Careful: smoking weed at home could see your job go up in smoke

Three dismissed after cannabis traces found in their urine at work

02 June 2019 - 00:00 By NIVASHNI NAIR
A CCMA ruling released last month has been widely criticised for upholding the dismissal of three employees who had traces of cannabis in their urine.
A CCMA ruling released last month has been widely criticised for upholding the dismissal of three employees who had traces of cannabis in their urine.
Image: Jackie Clausen

If you enjoy lighting up the green stuff after work on Friday, be on high alert.
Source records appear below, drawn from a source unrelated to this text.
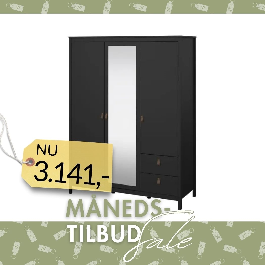 Madrid Garderobeskab 2 låger + 1 spejllåge + 2 skuffer - Matt BlackMadrid nan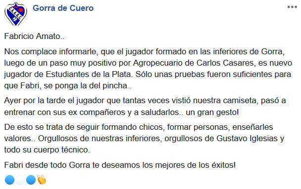 UN JUVENIL DE GORRA DE CUERO JUGARÁ EN ESTUDIANTES DE LA PLATA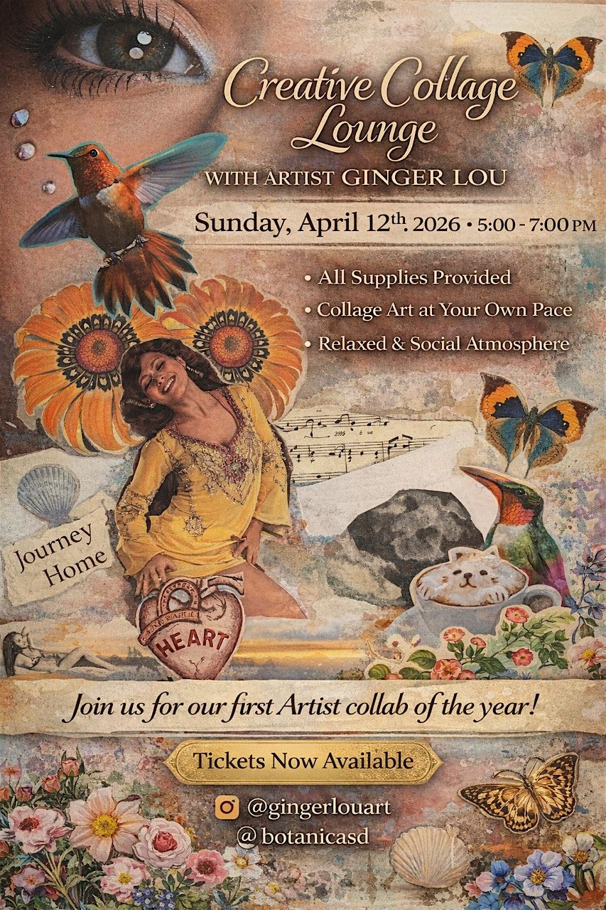 For this special event, Botanica Art & Cocktails transforms into an open creative lounge, where guests are invited to explore collage and mixed-media art in a relaxed, social atmosphere.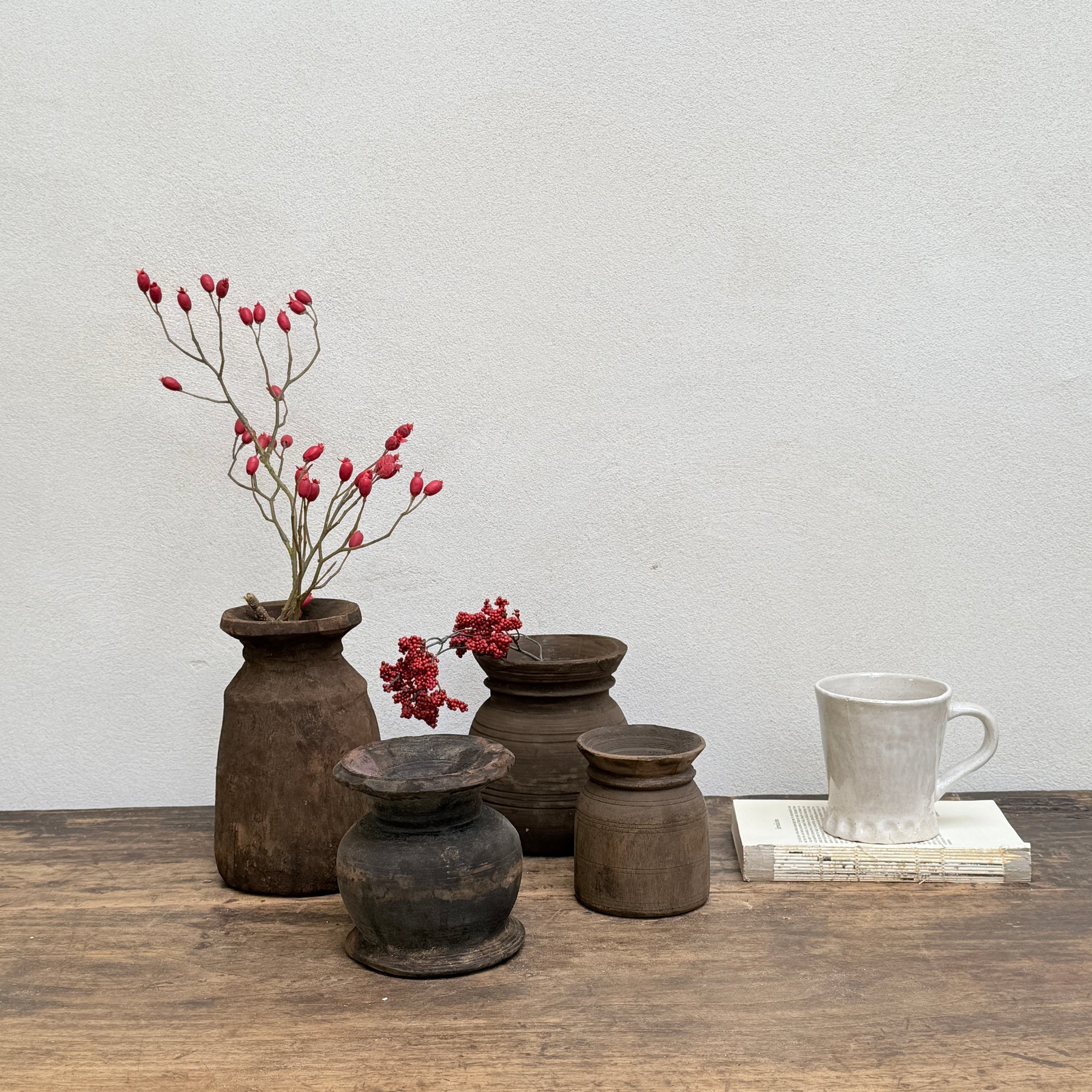 These wonderfully unique antique Nepalese wooden pots are the perfect antique home accessory. They would look beautiful grouped together as a statement display on a sideboard, console table or shelf. Stunning simply left empty, they are also the perfect vessels for displaying dried blooms or stems.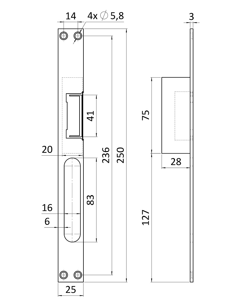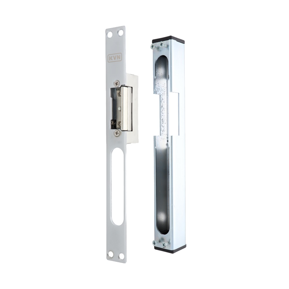 EZKD500 - set - dorazová kazeta EZK309 pozinkovaná (260 x 30 x 30 mm) + elektrický zámek EZD332 (s lištou, pamětí a odblokováním, napětí 8 - 14 V, proud AC/DC). Univerzální pro pravé i levé dveře.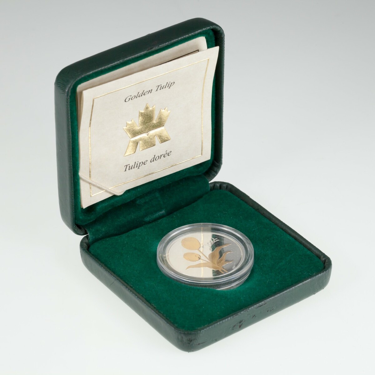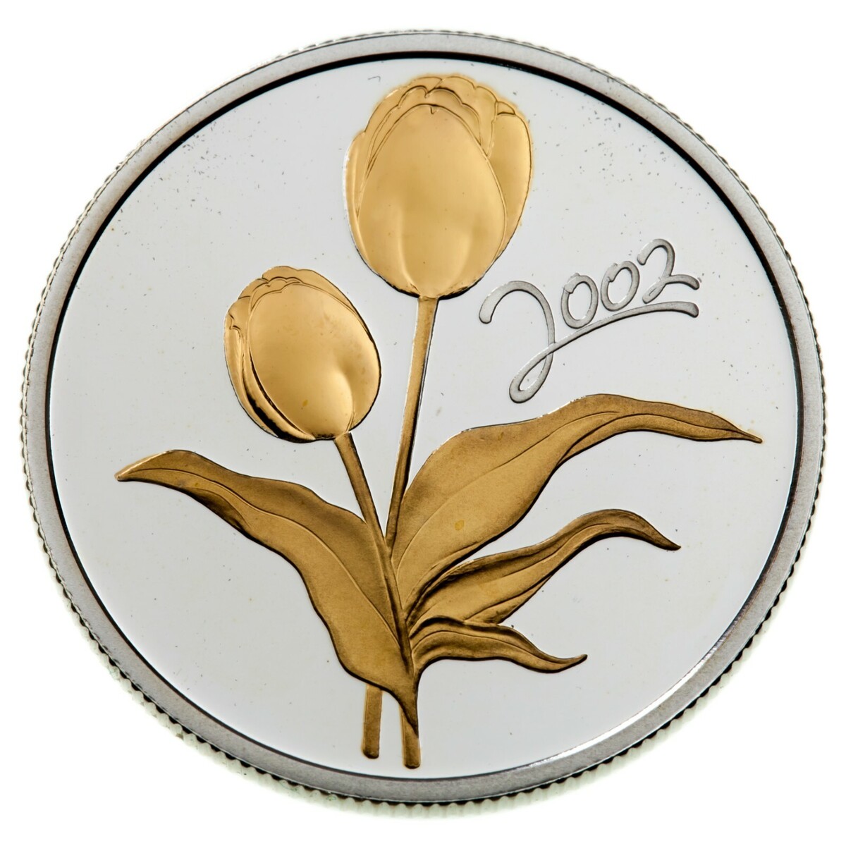 Reverse: Gold plated Tulips with year on Silver background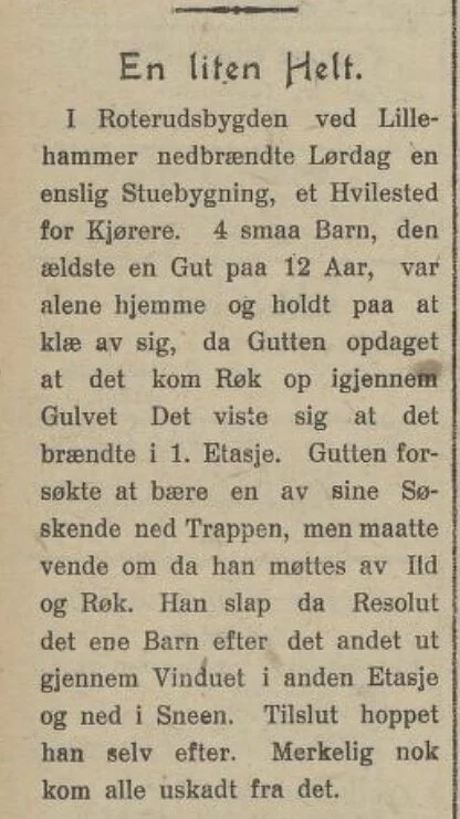 For hundre år siden ble en 12-åring fra Roterud nattens helt, da han reddet livet til både seg selv og sine tre yngre søsken etter at huset tok fyr mens de var alene hjemme.
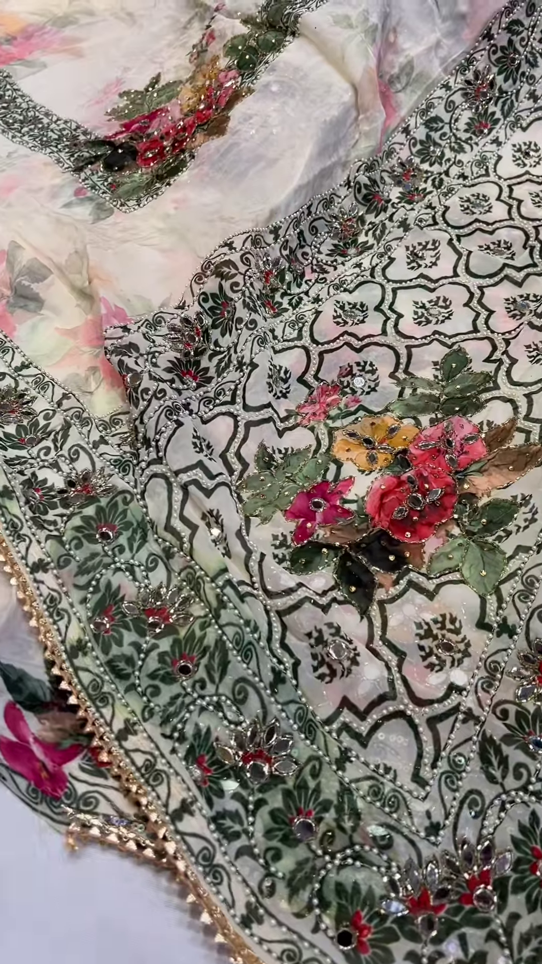 The Dupatta (Scarf): A true statement piece, the wide silk dupatta features matching scalloped embroidery along all four borders. The generous length allows for versatile styling—drape it over one shoulder for a classic look or across both arms for a more formal, majestic appearance.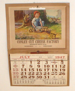 Vintage 1947 Conley Cut Cheese Factory Woodman, Wisconsin Calendar w/ Pencil M17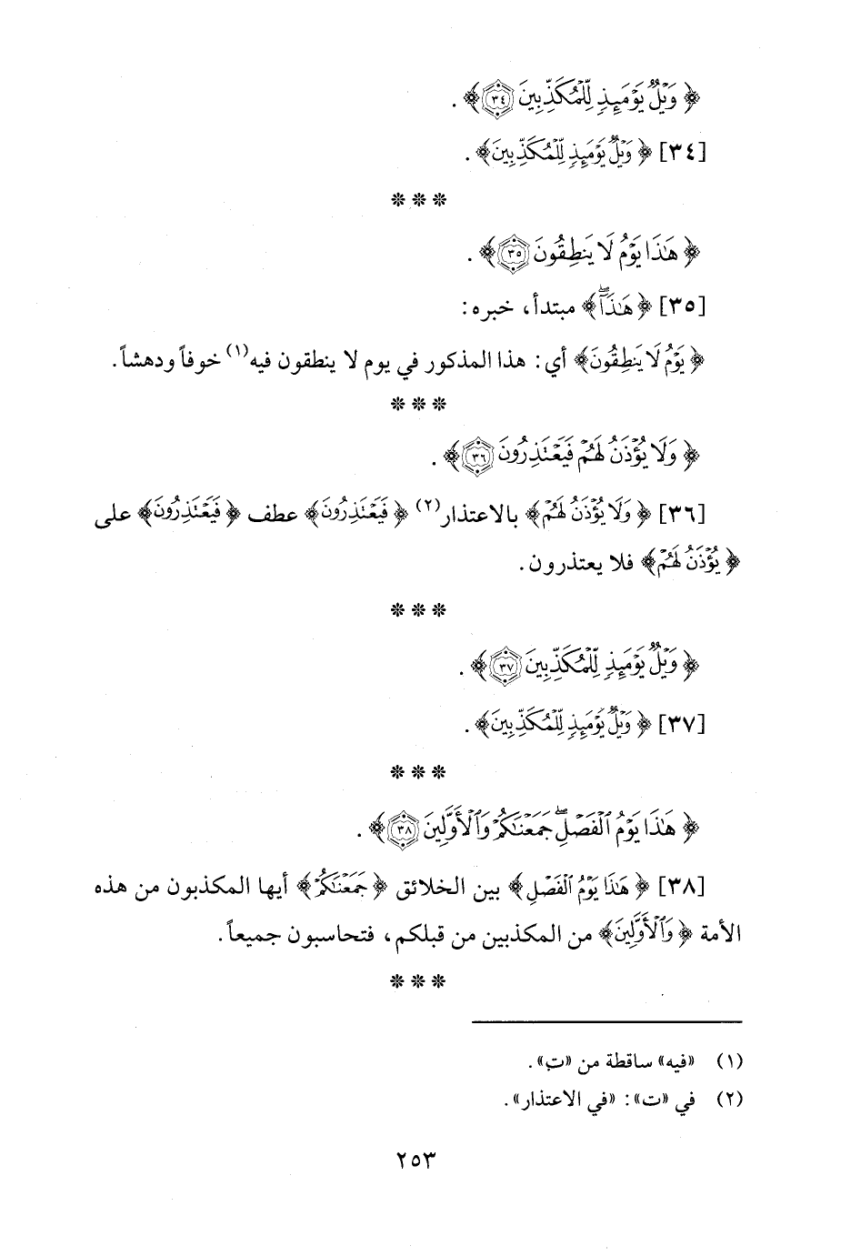 [36] {وَلَا يُؤْذَنُ لَهُمْ} بالاعتذار (¬2) {فَيَعْتَذِرُونَ} عطف {فَيَعْتَذِرُونَ} على {يُؤْذَنُ لَهُمْ} فلا يعتذرون.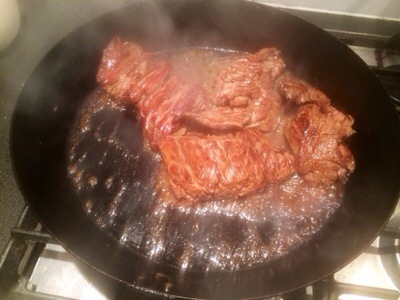 Hot iron pan.. Slammed that sucker down for minutes on each side only..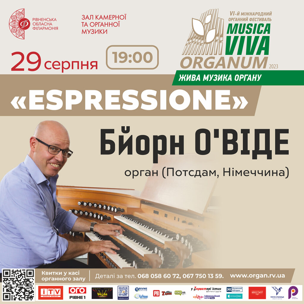 Концерт в рамках органного фестивалю «MUSICA VIVA ORGANUM» відбудеться в Рівненській обласній філармонії. Бйорн О’ВІДЕ – орган, Німеччина (Потсдам)

Come Monday, your job could go up in smoke.

Last year's Constitutional Court ruling legalising the personal use of dagga has encouraged more employers to test for use in the workplace and employees are now being disciplined and even fired because their recreational use outside the workplace is showing up in urine tests at work.

Traces of cannabis can be detected in the body weeks after it has been smoked.

But University of KwaZulu-Natal (UKZN) occupational medicine registrar Dr Calvin Yagan said though employers may prohibit cannabis use at work, it would be difficult to police the legal use of a drug that may or may not have an effect in the workplace.

"An employee who has smoked marijuana in the morning before coming to work may be able to function optimally at work even though technically they may be under the influence," he said.

"An employee who legally used cannabis on a Friday evening is likely to show traces of the drug if tested at work on a Monday, even though no longer under the influence and unlikely to be impaired."

A Commission for Conciliation, Mediation and Arbitration (CCMA) ruling released last month has been widely criticised for upholding the dismissal of three employees who had traces of cannabis in their urine.

The men, who worked at NCT Durban Wood Chips, admitted to smoking weed on their day off but the CCMA based its findings on the employer's zero-tolerance drug policy and agreed that they had dangerous jobs, therefore they could not be intoxicated at work. One of the men was a weighbridge clerk who received trucks on site. Another sharpened metre-long knives and the third was a log deck assistant.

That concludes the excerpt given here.